Prior to the map generation, we are going to import the geojson file needed for the choropleth map and also a proportion table of the production for a better understanding of this factor.


In [None]:
# import of the geojson
json_file = open('/content/drive/MyDrive/Impacts of climate change on coffee/Database/countries.geojson')
countries = json.load(json_file) 

In [None]:
# share of each country in the total production
(coffee_production_2019/coffee_production_2019.sum()*100).sort_values(ascending=False).head(10)

NameError: ignored

In [None]:
  palette = plotly.colors.make_colorscale(["#ebe1d7","#f66749","#9b3727","#400604"])

fig = px.choropleth_mapbox(coffee_production_2019, geojson=countries, color=coffee_production_2019,
                           locations=coffee_production_2019.index, featureidkey="properties.ADMIN",
                           center={"lat": 23, "lon": 3}, labels={'color':'Production<br>(Tons)'},
                           mapbox_style="carto-positron", zoom=.2, 
                           color_continuous_scale=palette, custom_data=[coffee_production_2019.index, coffee_production_2019],
                           opacity=.9,  title='World Coffee Production in 2019')

fig.update_layout(margin={"b":30,'l':30,'t':50}, width=660, height=450)

fig.update_traces(
    hovertemplate='<b>%{customdata[0]}</b>' +  "<br>Production: %{customdata[1]:,.2f} Tons<extra></extra>")

fig.update_layout(title={
                        'y':0.95,
                        'x':0.5,
                        'xanchor': 'center',
                        'yanchor': 'top'})
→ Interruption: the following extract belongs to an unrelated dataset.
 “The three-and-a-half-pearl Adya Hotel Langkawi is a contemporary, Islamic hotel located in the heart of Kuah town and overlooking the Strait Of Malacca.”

fig.show(renderer="colab")

The first thing that leaps out on this map is that Brazil is by far the largest coffee grower in the world, producing almost 3.5 million tons of coffee in 2019, accounting for 35% of total global production.

When we originally started working on this project, we suspected that Brazil was the world's largest coffee producer due to the popularity and delectability of its mixes; nevertheless, we were surprised to learn that Viet Nam was the second largest. In 2019, Vietnam produced over 1.8 million tons of coffee, accounting for 18.5% of total coffee production. Vietnam also produces one of the world's most costly coffees, Weasel Coffee, which is a coffee bean that has been chewed and digested by a civet before being roasted.

In [None]:
top10_coffee_producers = coffee_production_2019.sort_values(ascending=False).iloc[0:10]
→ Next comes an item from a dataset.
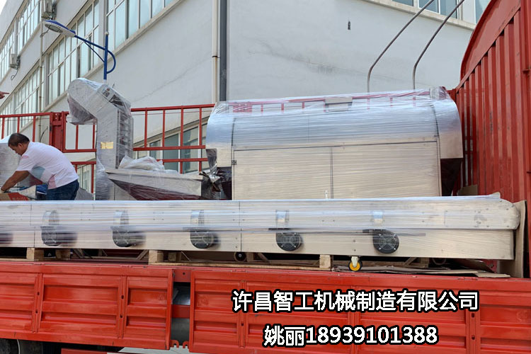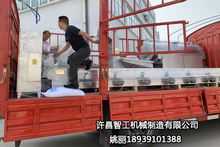 2019年9月28日,甘肃金昌马总订购的两米电磁炒货机生产线和多功能炒货机装车发货了,许昌智工电磁炒货机生产线全自动化操作省时省力省人工!

fig = px.bar(x=top10_coffee_producers.index, y=top10_coffee_producers, title='Top Coffee Producers in 2019')


fig.update_traces(
    hovertemplate='<b>%{y:,.2f}<extra></extra>',
    marker={'color':"#400604"})

fig.update_layout(margin={'r':50,'t':50})
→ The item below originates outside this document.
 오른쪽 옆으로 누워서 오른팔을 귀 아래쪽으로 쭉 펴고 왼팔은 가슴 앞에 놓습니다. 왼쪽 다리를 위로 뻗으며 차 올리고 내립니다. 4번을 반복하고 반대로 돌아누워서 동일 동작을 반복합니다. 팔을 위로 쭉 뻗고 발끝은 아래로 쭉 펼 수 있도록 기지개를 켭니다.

fig.update_layout(xaxis={'title':''},
                  yaxis={'title':'Coffee Production, Tons'},
                  title={
                        'y':0.95,
                        'x':0.5,
                        'xanchor': 'center',
                        'yanchor': 'top'},
                  plot_bgcolor="#F9F9F9",
                  width=670,
                  height=450)

fig.show(renderer = "colab")

In [None]:
top5_list = ['Brazil', 'Vietnam', 'Colombia', 'Indonesia', 'Ethiopia']
top5_coffee_producers = coffee_production.loc[top5_list]
top5_coffee_producers.head(5)

In [None]:
# Create figure object
fig = go.Figure()

# Add line for each row of dataframe
for row in top5_coffee_producers.iterrows():
    fig.add_trace(go.Scatter(x=top5_coffee_producers.columns, y=row[1].values, name=f"{row[0]}"))
    
fig.update_layout(
    title="Production of Coffee from 1990 to 2019",
    xaxis_title="Year",
    yaxis_title="Coffee Production, Tons",
    legend_title="Country")

# Show figure
fig.show(renderer='colab')

This rate of production is thought to be unsustainable in the next years, as a so-called "Coffee Crisis" is expected as a result of climate change. As temperatures continue to rise, the meteorological conditions for growing coffee, particularly Arabica coffee, which requires moderate temperatures to thrive, are jeopardized.